Kent Haruf (born February 24, 1943) is an award
winning American novelist.
Haruf was born in Pueblo, Colorado, the son of a Methodist minister. He graduated with a BA from Nebraska Wesleyan University in 1965 and an MFA from the Iowa Writers' Workshop at the
University of Iowa in 1973. Before becoming a writer, Haruf worked in a variety of
places, including a chicken farm in Colorado, a construction site in Wyoming, a rehabilitation hospital in Denver, a hospital in
Phoenix, a presidential library in Iowa, an alternative
high school in Wisconsin, as an English teacher with the Peace
Corps in Turkey, and colleges in Nebraska and
Illinois. He currently lives with his wife, Cathy, in Salida, Colorado, and has three daughters.
All Haruf's novels take place in the fictional town of Holt, in eastern Colorado. His first novel, The Tie That Binds (1984), received a Whiting Foundation Award and a special Hemingway Foundation/PEN citation. Where You Once
Belonged followed in 1990. A number of his short stories have appeared in literary magazines.
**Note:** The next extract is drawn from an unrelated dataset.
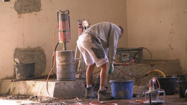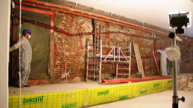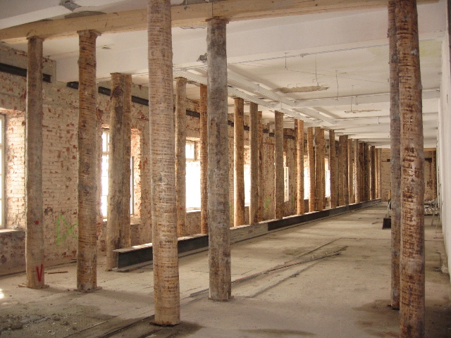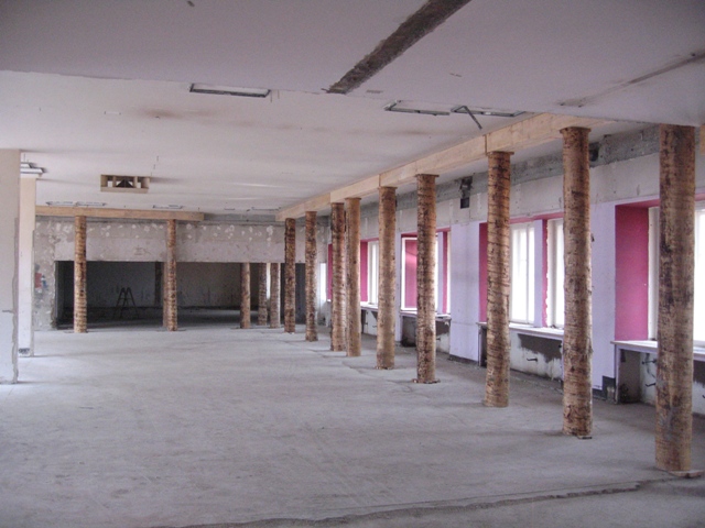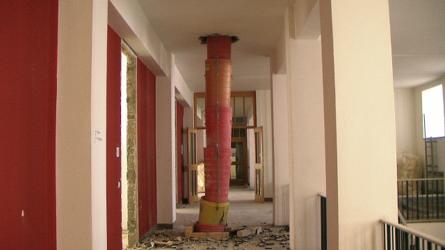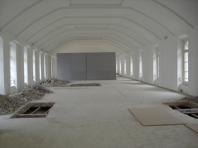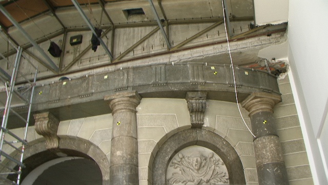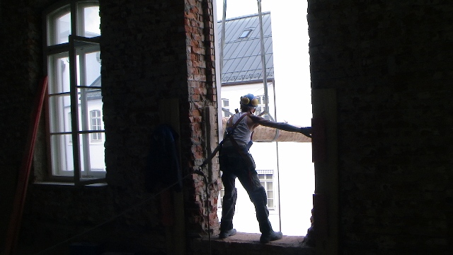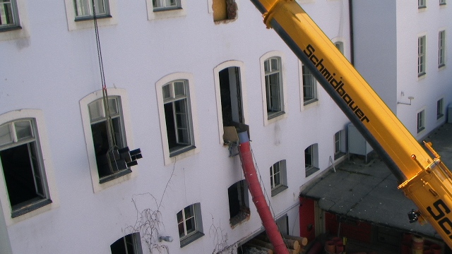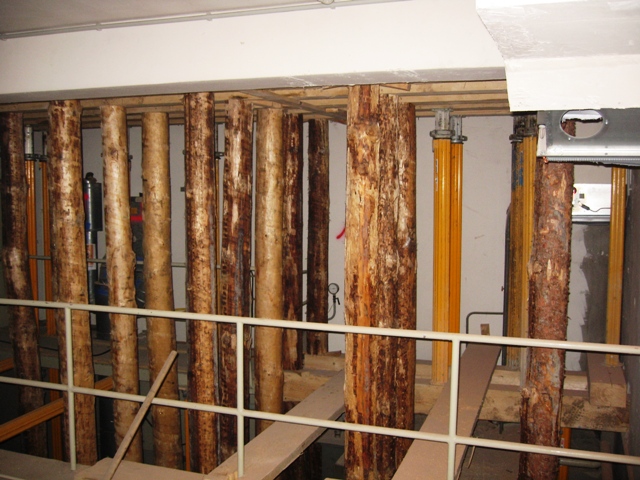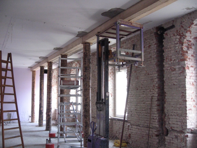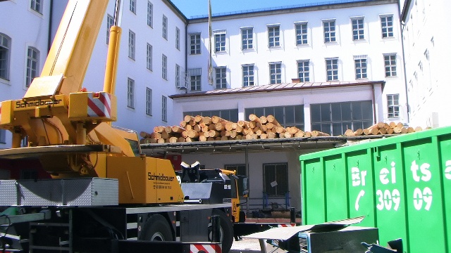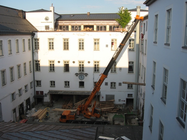 Da die gesamte Außenfassade zum Hofgraben erhalten wird, muss diese für den Komplettabbruch vom restlichen Gebäudebestand getrennt werden. Um dies statisch realisieren zu können, wurde entlang der Abbruchgrenzen eine „Ersatzaußenwand" aus über 680 Baumstämmen (Durchmesser 26 bis 30cm) mit Einzellängen bis zu 6,70 m aufgebaut. Im Zuge dieser Maßnahme wurden 328 Deckenfelder ausgetauscht, 55 m³ Kanthölzer, 110 m³ Beton für über 70 Einzelfundamente, 69 m³ Mauerwerk und fast 2,5 Kilometer Rundholz verbaut.

Plainsong was published in 1999 and became a U.S. bestseller. The New York Times called it "a novel so
foursquare, so delicate and lovely, that it has the power to exalt the reader." Plainsong won the Mountains & Plains
Booksellers Award and the Maria Thomas Award in Fiction and was a finalist for the National
Book Award for Fiction.
Eventide, a sequel to Plainsong, was published in 2004. Library Journal described the writing as "honest storytelling that is compelling and rings true,"
but The New York Times saw it as a "repeat performance" and "too goodhearted."